Our study found distribution pattern as single ulcer (50%), two to five localized (27.8%), multi-segmental and diffuse (22.2%), which is similar to the data reported in Japan and South Korea studies[6,22,27-30]. Typical ileocecal lesion is a single large ulcer, round or oval in shape, usually with a sharp outline. Larger typical ulcers were often accompanied by GI manifestations, including abdominal pain, diarrhea, bleeding, and constipation. The presence of GI symptoms is commonly considered an indication for endoscopic examination. In our series we found 4 cases with relatively smaller ileocecal ulcer(s) presenting with no GI symptom. Two patients with ulcer scar had no GI complaints. Intestinal BD usually was believed to be associated with GI symptom and worse prognosis[6,31]. However, we found that asymptomatic patients might experience a self-limited course and have a better outcome.
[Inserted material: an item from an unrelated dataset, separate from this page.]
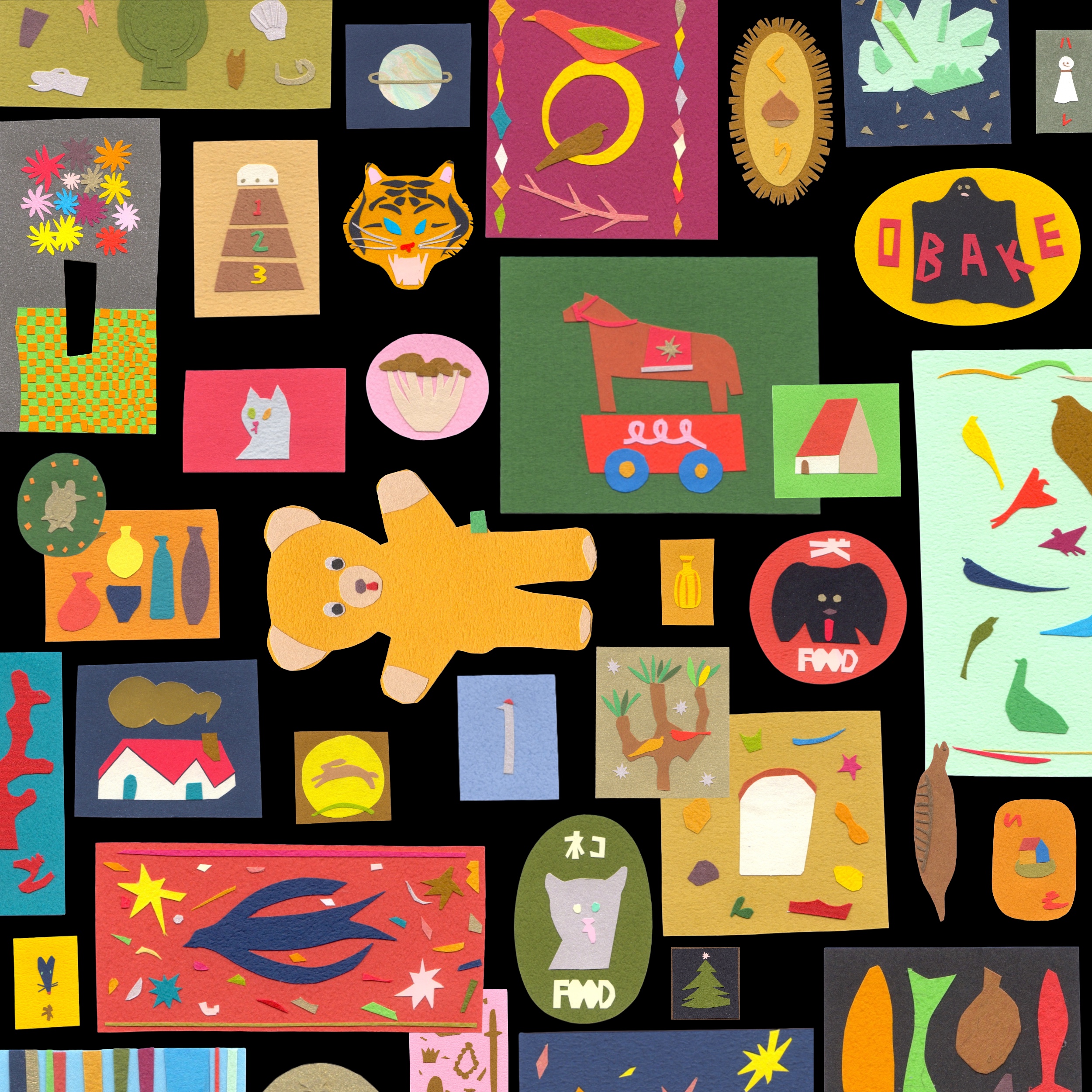 蒐集品の質感や雰囲気も伝えたいという気持ちがあります。でも描き込みすぎるとリアルになりすぎてしまうので、あえてシンプルでチープな形に置き換えて描いたりして、それが本物を見た時にギャップがあって面白いんじゃないかなと思っています。実物と作品を見た時に「あ、これはこの子なんだ」という気づきも面白いかなと。モチーフはさりげなく組み込むのもポイントで、「実は一部分だけ本物があるんですよ」っていう。何の変哲もない、シルエットだけでも伝えられるような物をモチーフにする時は、“そのもの過ぎない”ようにしています。

Esophageal ulceration in BD is believed to be rare according to previous studies[15,17,32,33], with frequencies ranging from 2% to 11% in different BD populations. Bektas et al reported that esophageal motor abnormalities were found in one-third patients, although endoscopic abnormalities were observed in 16% patients. We found esophageal ulcer(s) in 4 BD patients, and esophageal erosion in 20 patients. In the control group, the rate of esophageal erosion was similar to that in the BD group, whereas, no esophageal ulcer had been found. There was no case of esophageal fistula; luminal strictures; pseudomembrane esophagitis; or “downhill” or classical esophageal varices associated with either superior vena cava obstruction or portal hypertension due to portal vein thrombosis in our study[35,36].
We have found no difference in the prevalence of esophagitis, gastric erosion, gastric ulcers, and duodenal ulcers between patients with BD and controls. Thus the above GI abnormalities might not be specific for BD. None of our patients with lesions had histories of NSAID usage. H. pylori infection rate in the BD group was similar to that of controls, while the rate of H. pylori infection is far lower than GI abnormality rate in either group, which suggests that except for H. pylori infection and BD, other factors account for the high rate of GI abnormality. Dieulafoy’s ulcer and gastric non-Hodgkin’s lymphoma associated with BD have not been revealed in this study.
Besides, one case with trisomy 8 was associated with MDS. This patient (patient 10) showed a significantly higher ESR level compared with patients without MDS (P < 0.05). Intestinal ulceration is a frequent characteristic in BD associated with bone marrow failure classified as conditions such as MDS or aplastic anemia[39-41]. Cytogenetic aberration, especially trisomy 8, may play an important role in the pathogenesis of intestinal BD.
Laboratory values including ESR, CRP, erythrocyte count, hemoglobin level, leukocyte count, platelet count and albumin were evaluated at baseline. The prevalence of anemia, hypoalbuminemia and increased parameters of inflammation (CRP, ESR) has been noticed in the ileocecal ulcer group. For a long time, anemia and hypoalbuminemia have been recognized as the key symptoms of inflammatory bowel disease[42,43]. In Crohn’s disease, serum levels of CRP correlate well with disease activity. Our results confirmed that laboratory findings in intestinal BD were similar to those in inflammatory bowel disease.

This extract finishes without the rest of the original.